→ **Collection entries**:
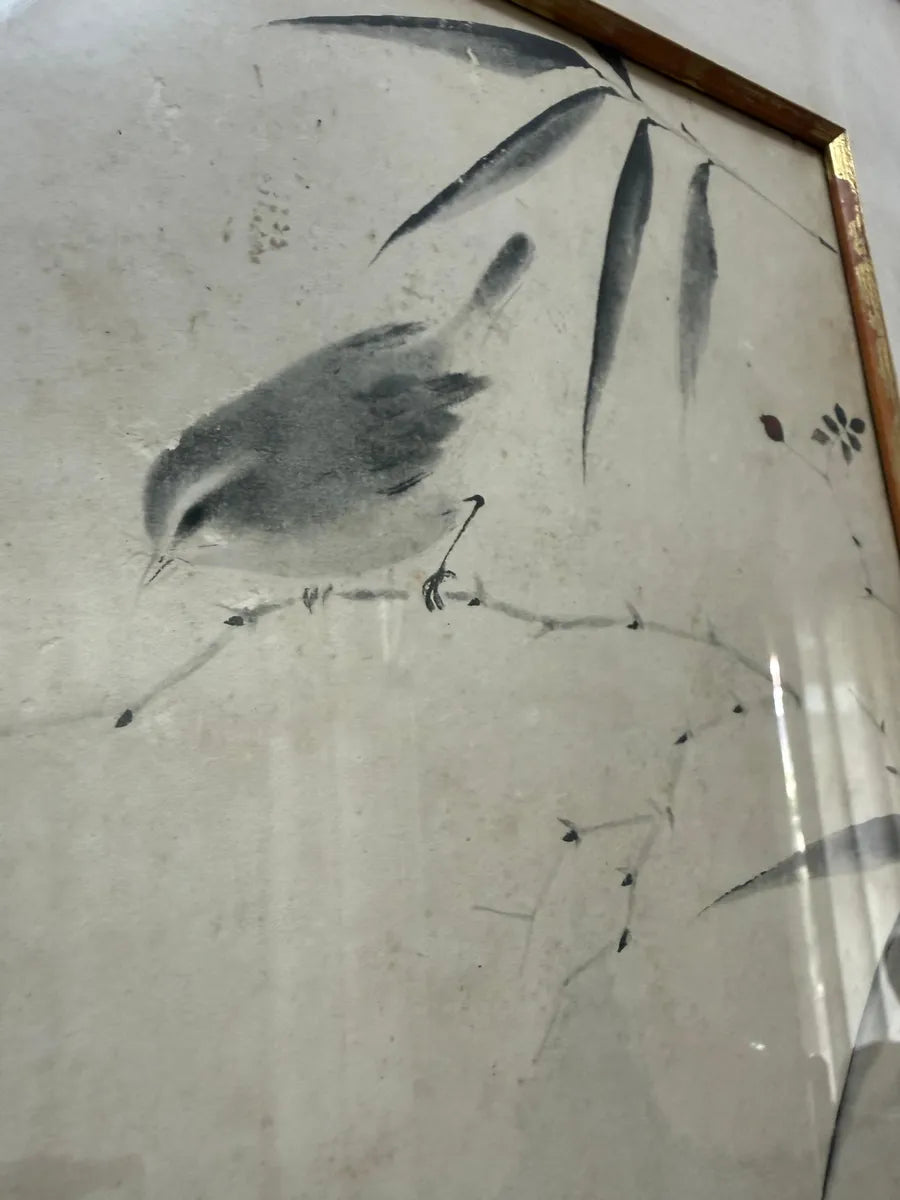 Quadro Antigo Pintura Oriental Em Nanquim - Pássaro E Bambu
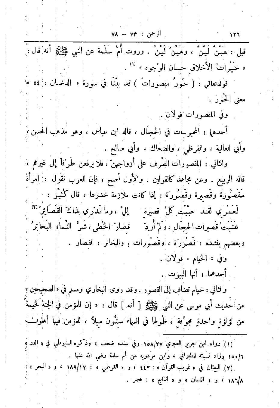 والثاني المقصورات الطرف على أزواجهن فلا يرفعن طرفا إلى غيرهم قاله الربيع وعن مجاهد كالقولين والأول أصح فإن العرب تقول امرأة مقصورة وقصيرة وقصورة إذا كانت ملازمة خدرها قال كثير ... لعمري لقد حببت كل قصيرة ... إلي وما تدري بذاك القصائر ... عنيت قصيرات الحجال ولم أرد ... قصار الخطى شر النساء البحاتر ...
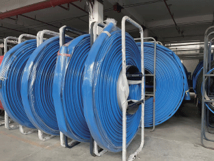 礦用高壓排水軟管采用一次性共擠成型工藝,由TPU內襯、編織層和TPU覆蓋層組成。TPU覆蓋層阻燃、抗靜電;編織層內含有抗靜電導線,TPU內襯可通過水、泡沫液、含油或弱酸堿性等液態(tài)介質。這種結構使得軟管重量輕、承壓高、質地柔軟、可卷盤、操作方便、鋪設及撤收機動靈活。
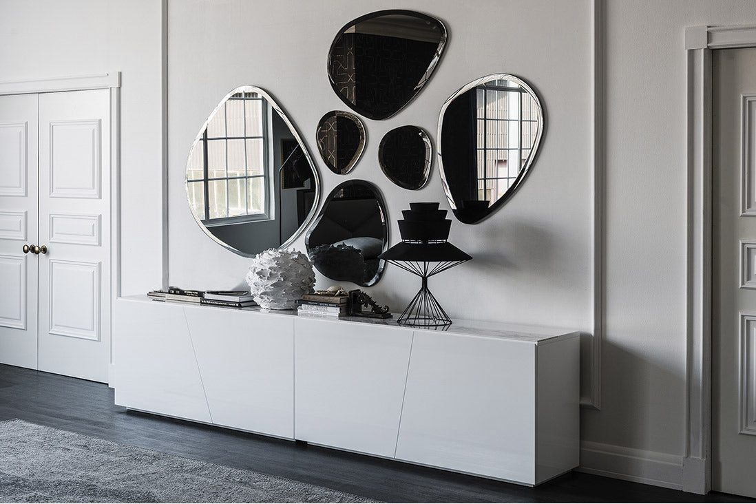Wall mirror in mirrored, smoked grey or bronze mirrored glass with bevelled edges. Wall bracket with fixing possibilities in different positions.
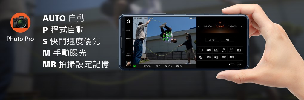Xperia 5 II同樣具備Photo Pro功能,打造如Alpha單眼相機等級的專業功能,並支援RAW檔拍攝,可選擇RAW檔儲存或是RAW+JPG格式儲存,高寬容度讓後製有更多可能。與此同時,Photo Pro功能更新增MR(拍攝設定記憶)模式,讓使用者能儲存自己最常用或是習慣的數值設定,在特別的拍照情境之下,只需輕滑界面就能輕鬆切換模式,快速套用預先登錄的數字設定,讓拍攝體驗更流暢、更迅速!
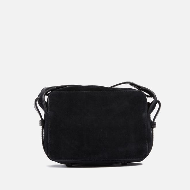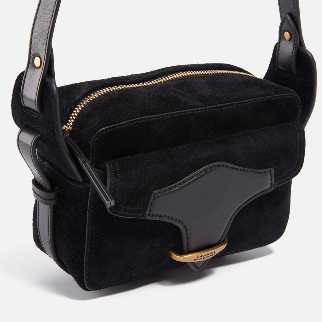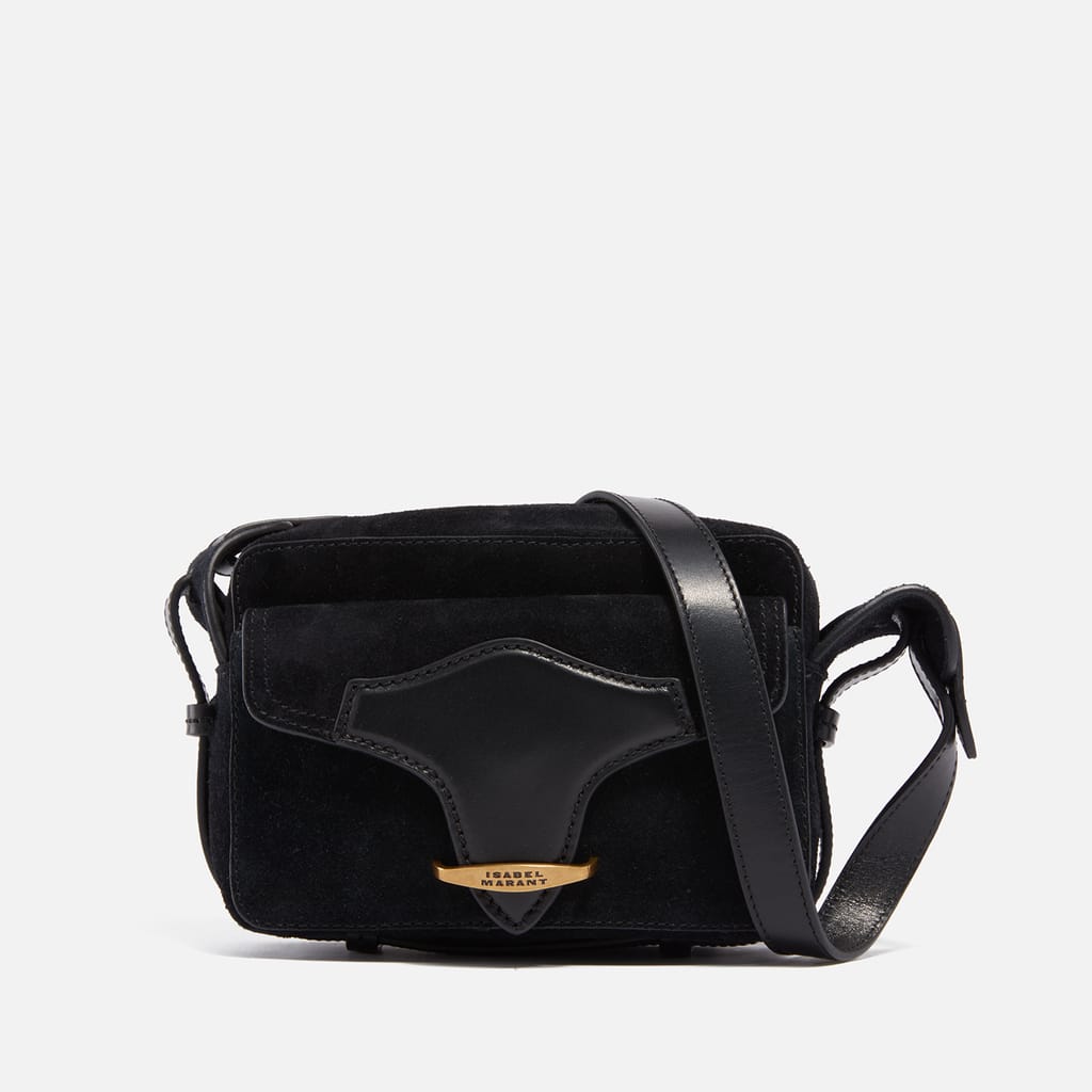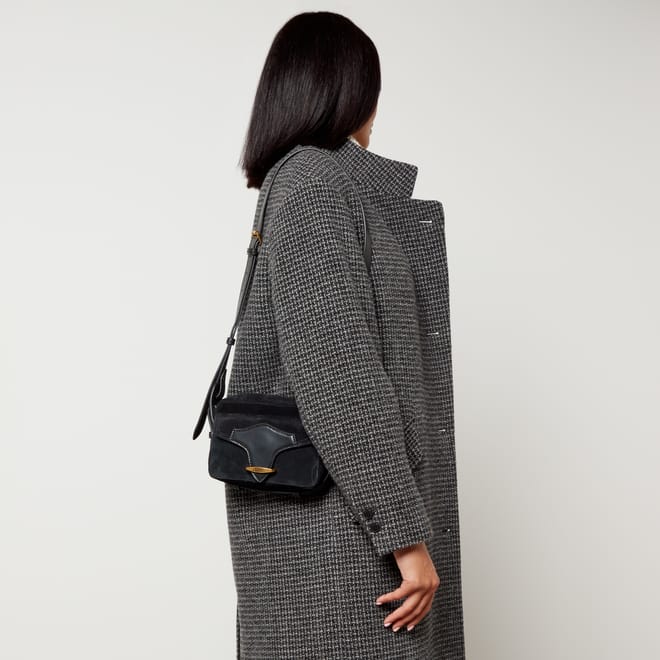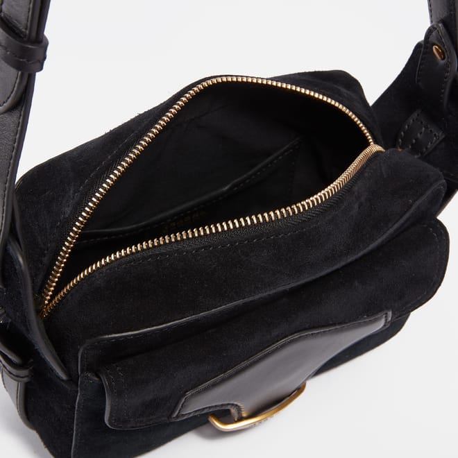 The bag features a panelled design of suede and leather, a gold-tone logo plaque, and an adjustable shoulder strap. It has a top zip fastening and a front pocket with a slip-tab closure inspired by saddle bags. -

→ **What to do**: Transcribe the entries above verbatim, excluding any image.

→ **Response to the task**:
 Quadro Antigo Pintura Oriental Em Nanquim - Pássaro E Bambu
 والثاني المقصورات الطرف على أزواجهن فلا يرفعن طرفا إلى غيرهم قاله الربيع وعن مجاهد كالقولين والأول أصح فإن العرب تقول امرأة مقصورة وقصيرة وقصورة إذا كانت ملازمة خدرها قال كثير ... لعمري لقد حببت كل قصيرة ... إلي وما تدري بذاك القصائر ... عنيت قصيرات الحجال ولم أرد ... قصار الخطى شر النساء البحاتر ...
 礦用高壓排水軟管采用一次性共擠成型工藝,由TPU內襯、編織層和TPU覆蓋層組成。TPU覆蓋層阻燃、抗靜電;編織層內含有抗靜電導線,TPU內襯可通過水、泡沫液、含油或弱酸堿性等液態(tài)介質。這種結構使得軟管重量輕、承壓高、質地柔軟、可卷盤、操作方便、鋪設及撤收機動靈活。
Wall mirror in mirrored, smoked grey or bronze mirrored glass with bevelled edges. Wall bracket with fixing possibilities in different positions.
Xperia 5 II同樣具備Photo Pro功能,打造如Alpha單眼相機等級的專業功能,並支援RAW檔拍攝,可選擇RAW檔儲存或是RAW+JPG格式儲存,高寬容度讓後製有更多可能。與此同時,Photo Pro功能更新增MR(拍攝設定記憶)模式,讓使用者能儲存自己最常用或是習慣的數值設定,在特別的拍照情境之下,只需輕滑界面就能輕鬆切換模式,快速套用預先登錄的數字設定,讓拍攝體驗更流暢、更迅速!
 The bag features a panelled design of suede and leather, a gold-tone logo plaque, and an adjustable shoulder strap. It has a top zip fastening and a front pocket with a slip-tab closure inspired by saddle bags. -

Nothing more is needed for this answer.